In 1948 he began to train as a sociologist, first at the University of North Carolina at Chapel Hill and then with Charles Madge at Birmingham University, where he wrote a pioneering study of urban planning, Living in Towns, based on research in Coventry. In 1953 he returned to South Africa as professor of sociology at the University of Natal in Durban. He was active in opposition politics and became chairman of the Natal branch of the Liberal Party. He wrote two classic studies on South African society, Passive Resistance in South Africa (1957), and An African Bourgeoisie (1965), both of which were banned by the government, and with two colleagues Durban: a study in racial ecology (1958). 'In present-day South Africa there is a strong tendency to regard as 'impartial' only those studies which abstain rigorously from any criticism of our present society,' Alan Paton wrote in his preface to that book, but he added - and this could have been said of all his South African studies - that Kuper scornfully resisted this false objectivity while nevertheless being careful to present all the relevant facts and to allow his readers to make up their own minds.

When the National Party forced the universities to impose a racial test on entry Kuper wrote a bitter satire on the new tribal colleges, and despite the urgings of his friend Alan Paton he reluctantly decided to emigrate. In 1961 he accepted a position at the University of California, Los Angeles, where he remained until his retirement, serving for four years as Director of the African Studies Center. In 1963 his brother, my father, a judge in South Africa, was murdered, and Leo's commitment to peaceful social change became yet firmer. He published ground- breaking theoretical accounts of race and ethnic relations in plural societies, and then moved on to the great problem of genocidal violence.

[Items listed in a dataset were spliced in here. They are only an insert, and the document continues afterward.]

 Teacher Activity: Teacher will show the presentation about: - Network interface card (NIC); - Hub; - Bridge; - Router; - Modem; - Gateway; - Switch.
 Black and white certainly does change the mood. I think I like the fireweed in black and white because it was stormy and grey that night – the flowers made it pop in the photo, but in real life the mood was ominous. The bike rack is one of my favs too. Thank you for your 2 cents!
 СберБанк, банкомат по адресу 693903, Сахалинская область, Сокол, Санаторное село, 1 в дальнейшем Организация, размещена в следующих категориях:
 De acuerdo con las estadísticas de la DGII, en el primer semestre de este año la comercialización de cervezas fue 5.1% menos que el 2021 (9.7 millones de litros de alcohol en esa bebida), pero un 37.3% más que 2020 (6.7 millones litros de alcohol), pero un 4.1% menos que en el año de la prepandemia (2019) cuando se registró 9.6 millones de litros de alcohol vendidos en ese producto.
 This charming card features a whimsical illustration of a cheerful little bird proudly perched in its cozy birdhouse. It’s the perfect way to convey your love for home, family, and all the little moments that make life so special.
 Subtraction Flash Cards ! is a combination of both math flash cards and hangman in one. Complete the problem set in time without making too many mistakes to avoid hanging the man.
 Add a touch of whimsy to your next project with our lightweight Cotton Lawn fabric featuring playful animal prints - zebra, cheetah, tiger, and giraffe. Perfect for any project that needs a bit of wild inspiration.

In a series of three important books he analysed the major genocides of the 20th century, describing the factors that put a society at risk of genocidal violence and trying to identify forces that might prevent it (The Pity of it All, 1977; Genocide, 1981; and The Prevention of Genocide, 1985). The research was painful. For years he steeped himself in first-hand reports of the most hideous crimes, and I think he could hardly have borne it sometimes without the love and support of his wife, the anthropologist Hilda Kuper. Leo's gentle consideration and Hilda's warmth and hospitality made their home in Westwood Village a friendly and civilised haven for many intellectuals, refugees, students and friends of their daughters. Hilda's death in 1992 was a terrible blow.

He also set up an organisation, International Alert, with the help of Lord Young of Dartington, that was designed to provide early warning of ethnic violence, but he despaired of the record of the established international agencies. Writing of the massacres of Tutsi and Hutu in Rwanda and Burundi in the Sixties, he came to the conclusion that the intervention of international agencies and foreign governments had caused more deaths than they had prevented.

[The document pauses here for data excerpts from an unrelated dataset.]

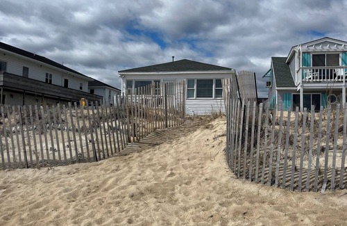 Directly on Salisbury beach , this newly renovated cottage offers three cozy bedrooms - two with queen beds and one with a twin beds. With amenities like WiFi, smart TV, ceiling fans, AC, guests can relax and unwind after a day on the beach. The bathroom features a refreshing shower for a quick rinse. We hope you enjoy what our place and Salisbury has to offer. Less than a 5 minute walk to downtown, close to multiple restaurants with great nightlife, coffee shops, ice cream & candy shop, arcades, vintage carousel rides, Free live bands on Oceanfront stage, Sunrises and Fireworks from your own private deck. Mobility mat leading to Cottage entry & beach. Ground level unit. 1 step entry. 1 parking spot provided additional on street parking available.
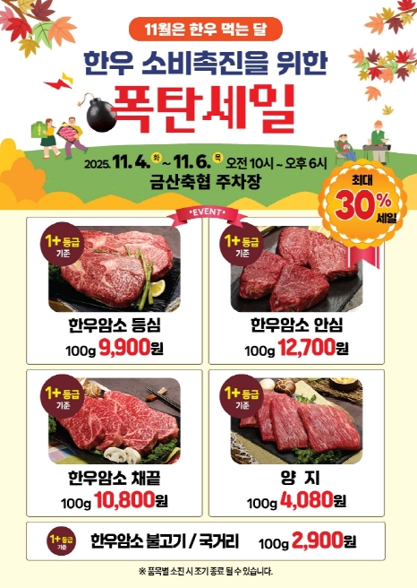 [뉴스앤톡] 한우 농가의 경영 안정을 위한 폭탄세일 행사가 11월 4일부터 11월 6일까지 금산축협 주차장에서 열린다.
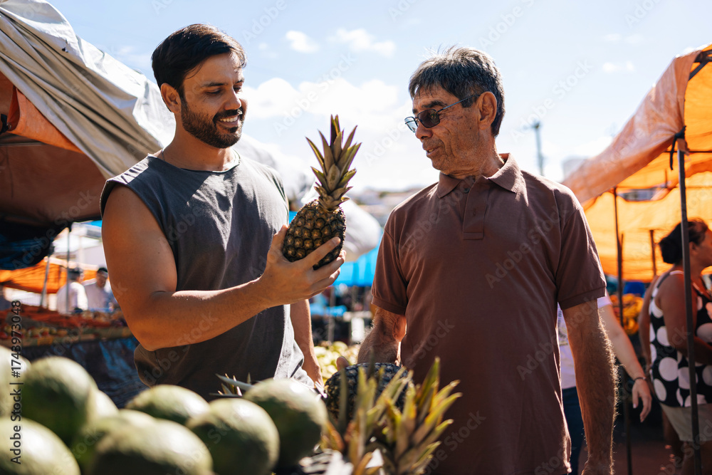 Adult son and elderly father selecting a pineapple together at an open-air market on a sunny day in a small Brazilian town

His unflinching analyses have a gruesome relevance to the horrors taking place today in the killing fields of Central Africa. He drove himself very hard, because he knew that there were not many scholars who could bear to contemplate these terrible events. For 20 years he was dealing with crimes that challenge any faith, but though he turned against religion he never lost the hope that the great social evils might be mitigated through informed intervention. If there was a Peace Prize for social scientists, Professor Michael Bantom once wrote, it would have been awarded first to Leo Kuper.